Defying all odds, Portugal’s centre-left Socialists have won an outright parliamentary majority in a snap general election, securing a strong new mandate for Prime Minister Antonio Costa, a champion of balanced public accounts.
Sunday’s result, boosted by a higher than expected turnout despite the coronavirus pandemic, comes as a surprise after the Socialists had lost most of their advantage in recent opinion polls, and means Portugal will have a stable government to oversee the application of EU pandemic recovery funds.
The vote was called in November after Mr Costa’s hard-left former Communist and Left Bloc allies joined the right in striking down his minority government’s budget.
The two far left parties paid the price, losing more than a half of their seats, according to exit polls.
After last week’s opinion polls Mr Costa had himself acknowledged that Portuguese did not want to give him a full majority and said he was prepared to strike alliances with like-minded parties, which is no longer necessary.

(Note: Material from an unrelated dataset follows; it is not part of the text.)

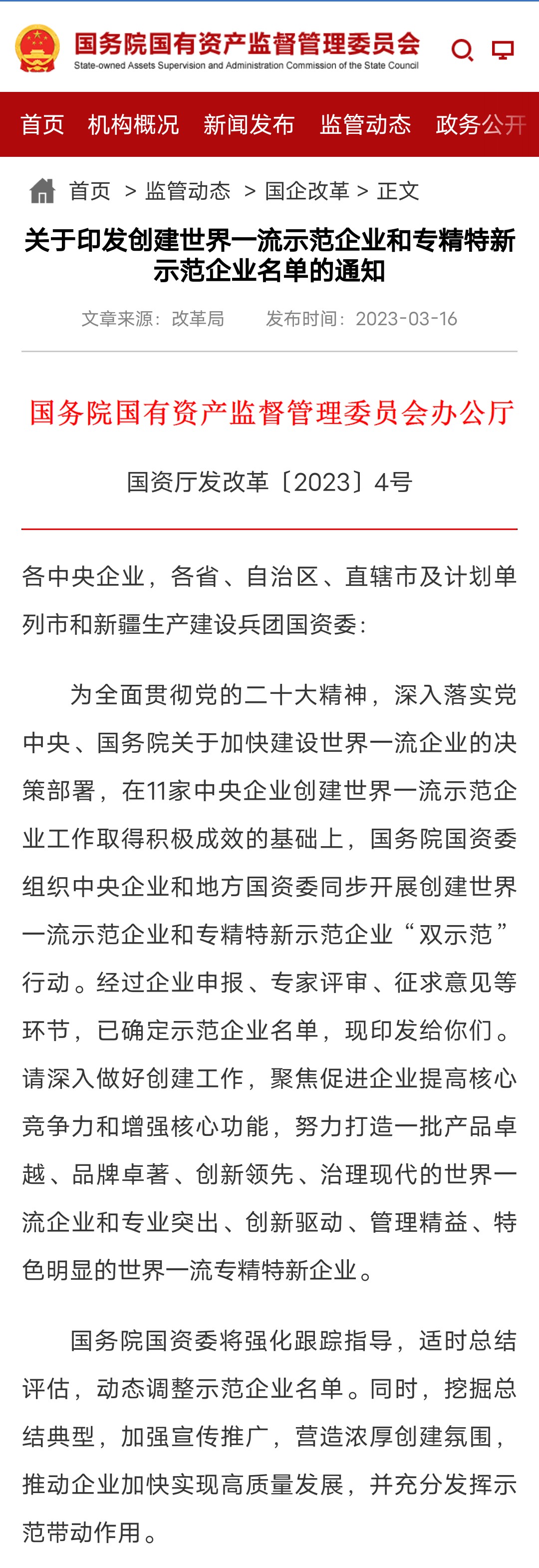 太阳成集团tyc122cc入选国务院国资委创建世界一流专精特新示范企业名单

“An absolute majority doesn’t mean absolute power. It doesn’t mean to govern alone. It’s an increased responsibility and it means to govern with and for all Portuguese,” Mr Costa said in his victory speech.
Before the final results came in, Mr Costa said the party had won 117 or 118 seats in the 230-seat parliament, up from 108 won in the 2019 election, and his supporters erupted in loud celebrations, singing old revolutionary anthem “Grandola” and waving flags.
Mr Costa, who came to power in 2015 in the aftermath of a 2011-14 debt crisis, has presided over a period of steady economic growth that helped shrink the budget deficit and even eke out a small surplus in 2019, before the pandemic struck.
Still, Portugal remains western Europe’s poorest country and relies on EU pandemic recovery funds.
The centre-right Social Democrats came a distant second at below 30 per cent of the vote, according to provisional results, against the Socialists’ around 42 per cent.
The far-right Chega emerged as the third-largest parliamentary force making a big leap from just one seat in the previous legislature to at least 11.
With more than a tenth of Portugal’s 10 million people estimated to be isolating due to COVID-19, the government had allowed infected people to leave isolation and cast ballots in person, and electoral officials donned protection suits in the afternoon to receive them.
Turnout was on track to beat 2019’s record-low 49 per cent participation.
As in many European countries, infections have spiked, although vaccination has kept deaths and hospitalisations lower than in earlier waves.